■ **Records from a data source**
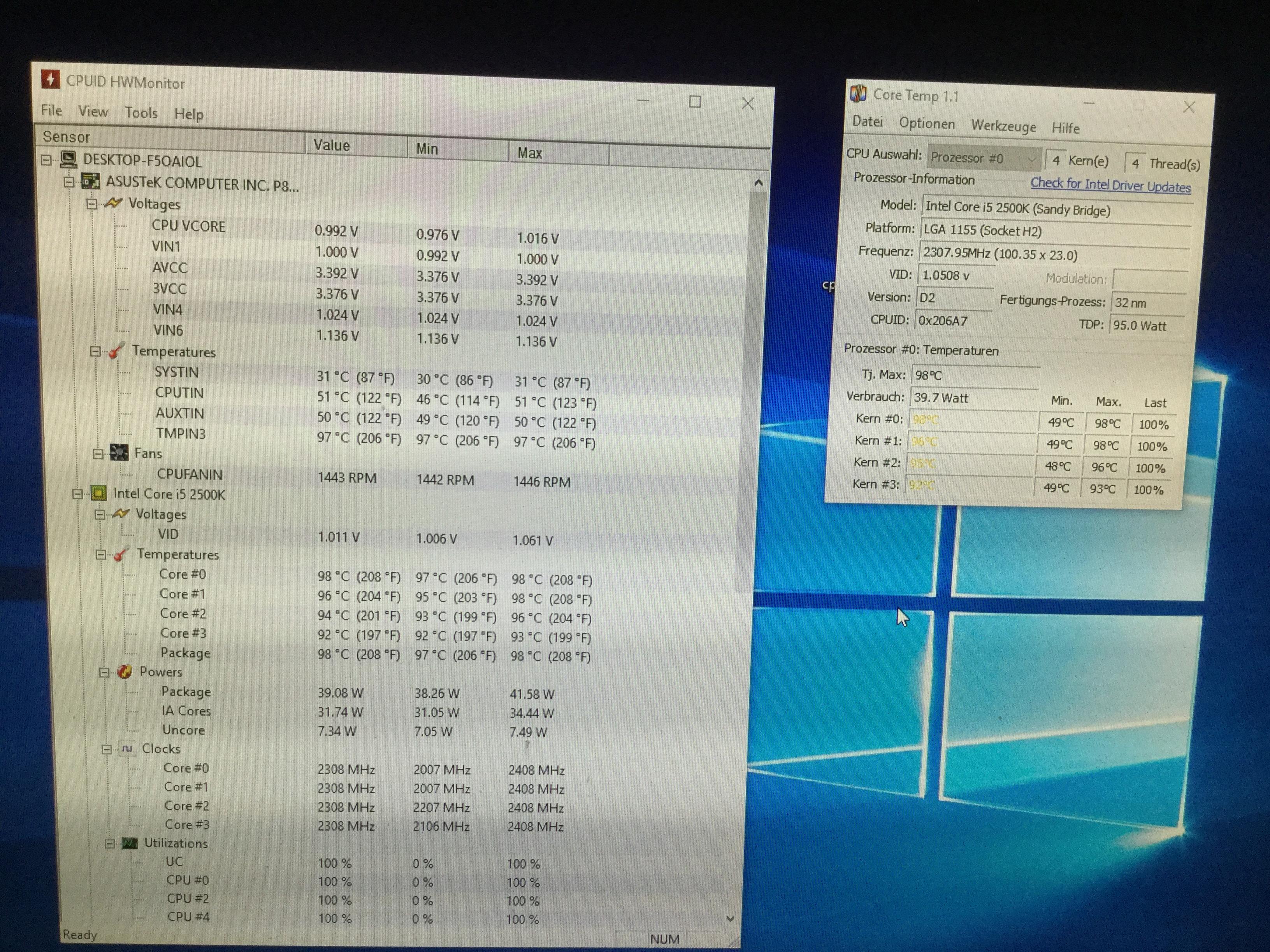 Ich wollte das "alte" und "neue" System vergleichen und dabei ist mir aufgefallen das bei beiden Systemen die CPU Temperatur im Idle bei 63 Grad, unter Vollast (BF4) bei ca 98 Grad liegt - nach meines Wissens ist da viel zu viel!
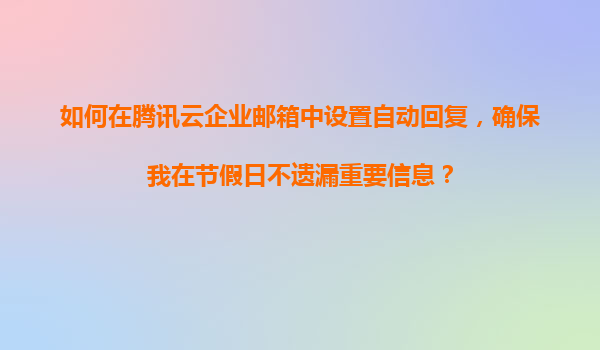 2025-11-23如何在騰訊云企業(yè)郵箱中設(shè)置自動回復(fù),確保節(jié)假日不遺漏重要信息 一、騰訊云企業(yè)郵箱的自動回復(fù)功能優(yōu)勢 騰訊云企業(yè)郵箱作為國內(nèi)領(lǐng)先的企業(yè)級郵件服務(wù),其自動回復(fù)功能不僅操作簡便,還具備以下核心優(yōu)勢: ...
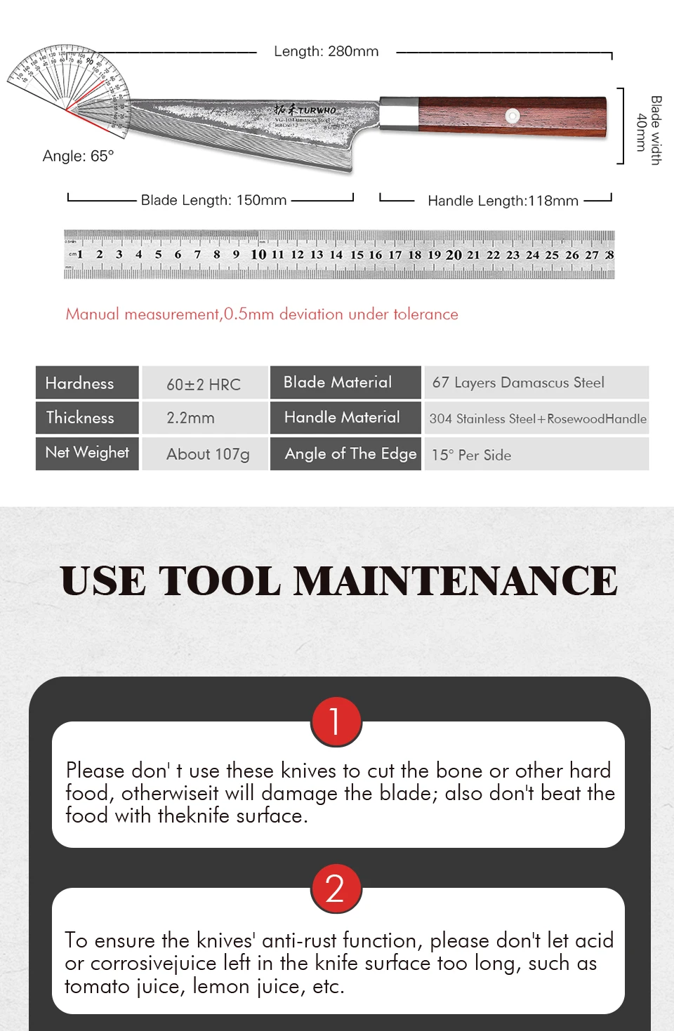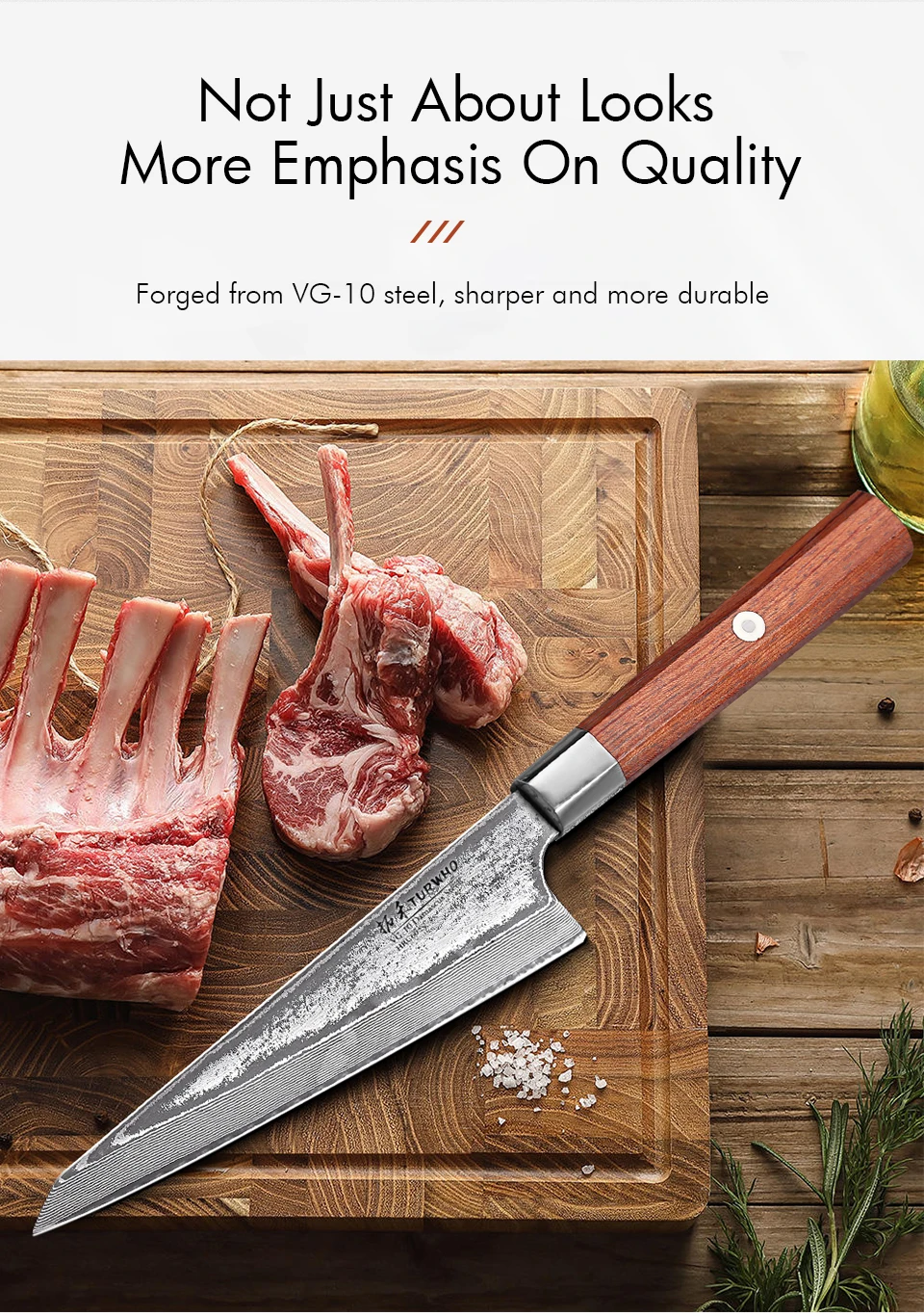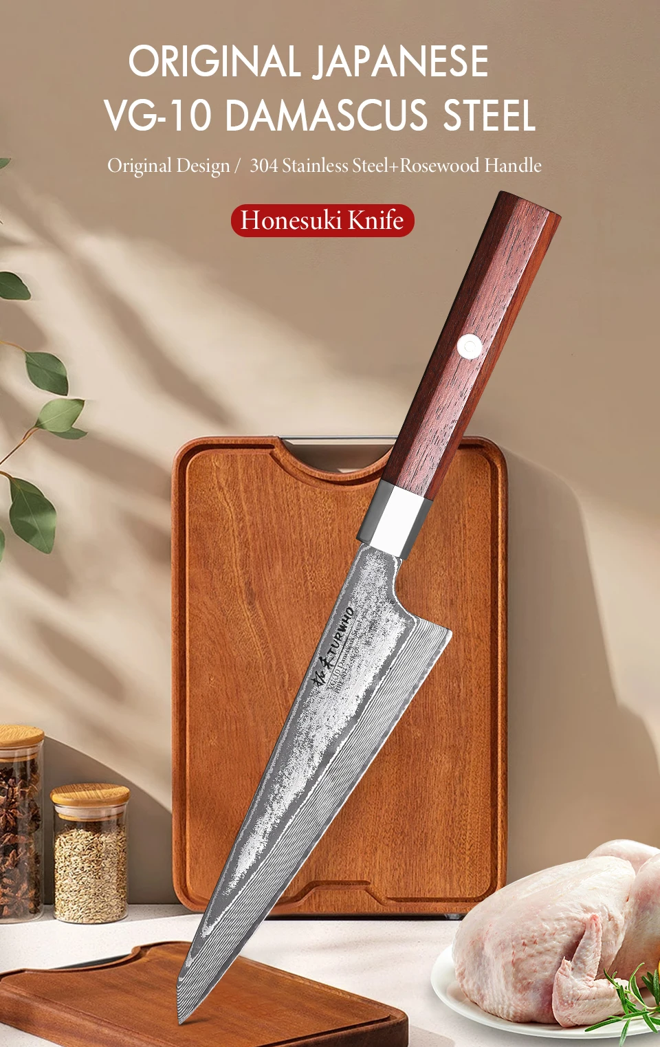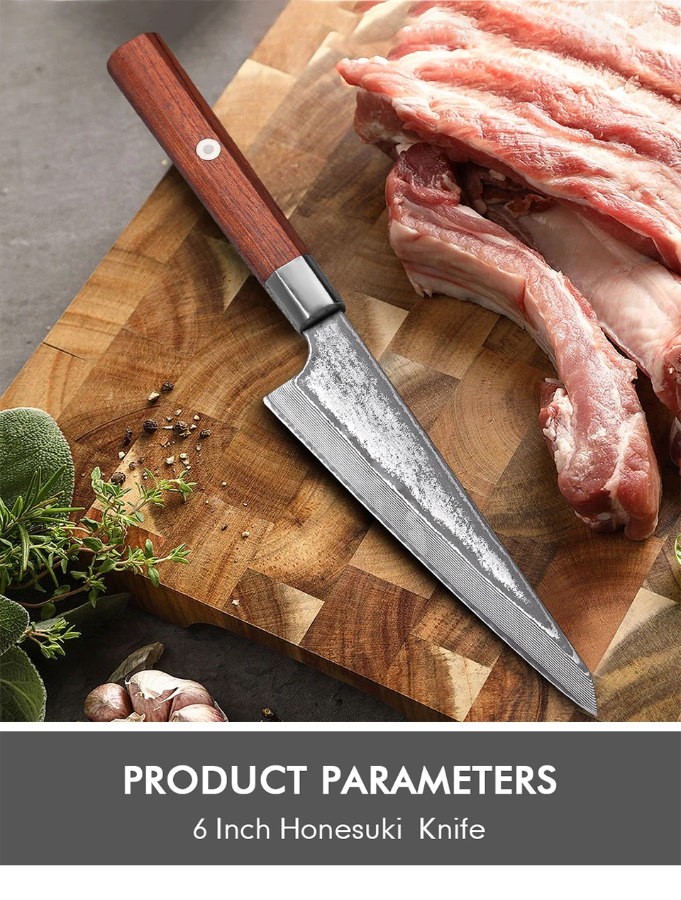 TURWHO 6" Honesuki Utility Knife Damascus Steel Professional Japanese Chef Knives Kitchen Chicken Boning Handmade Cooking Tools
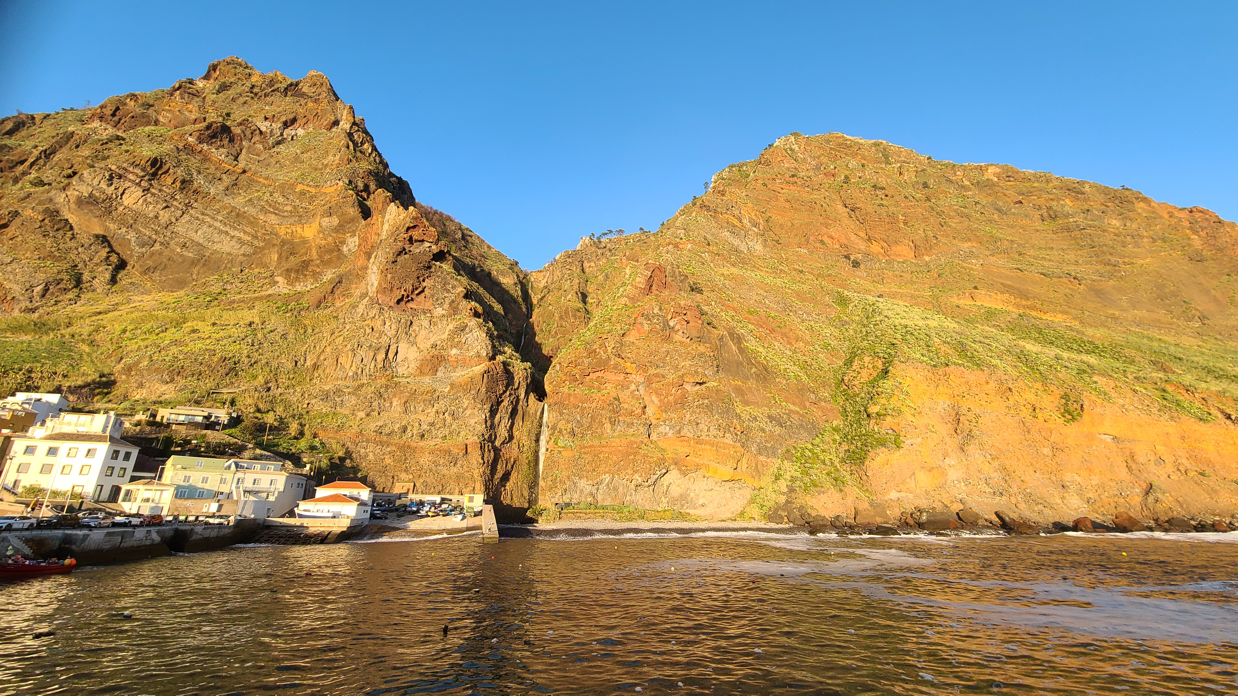 Anschließend schauen wir nochmals im Supermarkt vorbei, denn einige Kleinigkeiten der Küchenausstattung müssen wir unbedingt ergänzen. In Calheta stoppen wir, entdecken eine Badebucht, eine lange Touri-Promenade, excellentes Eis und buchen einen Platz zum Delfin-Watching am Montag.
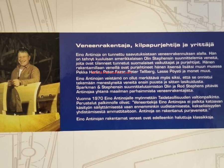 Eino Antinoja on tunnettu saavutuksistaan veneenrakennuksen alalla. Hän on tehnyt kuuluisan amerikkalaisen Olin Stephensin suunnittelemia veneitä, joita ovat tilanneet tunnetut suomalaiset vaikuttajat ja purjehtijat. Hänen rakentamillaan veneillä ovat purjehtineet hänen itsensä lisäksi muun muassa Pekka Herlin, Peter Fazer, Peter Tallberg, Lasse Pöysti ja monet muut. Eino Antinojan veistämö on ollut merkittävä myös siksi, että se onnistui tekemään menestyneitä veneitä ensin puusta ja sitten lasikuidusta. Sparkman & Stephensin suunnittelutoimiston Oli ja Rod Stephens pitävät Antinojaa yhtenä maailman parhaimmista veneenrakentajista. Vuonna 1970 Eino Antinojalle myönnettiin Taideteollisuuden valtionpalkinto. Perustelut palkinnolle olivat: "Veneentekijä Eino Antinojaa ei palkita katoavan käsityön säilyttämisestä vaan ennemminkin uudistamisesta, kekseliäisyyden yhdistämisestä ammattitaitoon. Antinoja on rakentanut purjeveneitä." Eino Antinojan rakentamat veneet ovat edelleenkin haluttuja klassikkoja. Ulkoasu 199 sivua : kuvitettu ; 27 cm Tiivistelmän kieli englantiJulkaisija Helsinki : Rakennusalan kustantajat : Kustantajat Sarmala, 2004Luokitus Liikennevälinetekniikka (udkf 629)Vesiliikenne. Merenkulku (udkf 656.6)ykl 62.54409ykl 69.6309Aiheet Antinoja, Eino, → 1920- veneenrakennus purjeveneet puuveneet veneet rakentaminen purjehdus kilpailut historia henkilöhistoria veneenrakentajat Ilpo KauhanenISBN 951-664-155-5 sidottu

■ **WORK REQUIRED**
Of the lines above, quote exactly those from the one with "Handmade Cooking Tools" through the one with "Anschließend schauen wir", ends included; pictures stay out.

■ **ANSWER FOR THE TASK**
 TURWHO 6" Honesuki Utility Knife Damascus Steel Professional Japanese Chef Knives Kitchen Chicken Boning Handmade Cooking Tools
 Anschließend schauen wir nochmals im Supermarkt vorbei, denn einige Kleinigkeiten der Küchenausstattung müssen wir unbedingt ergänzen. In Calheta stoppen wir, entdecken eine Badebucht, eine lange Touri-Promenade, excellentes Eis und buchen einen Platz zum Delfin-Watching am Montag.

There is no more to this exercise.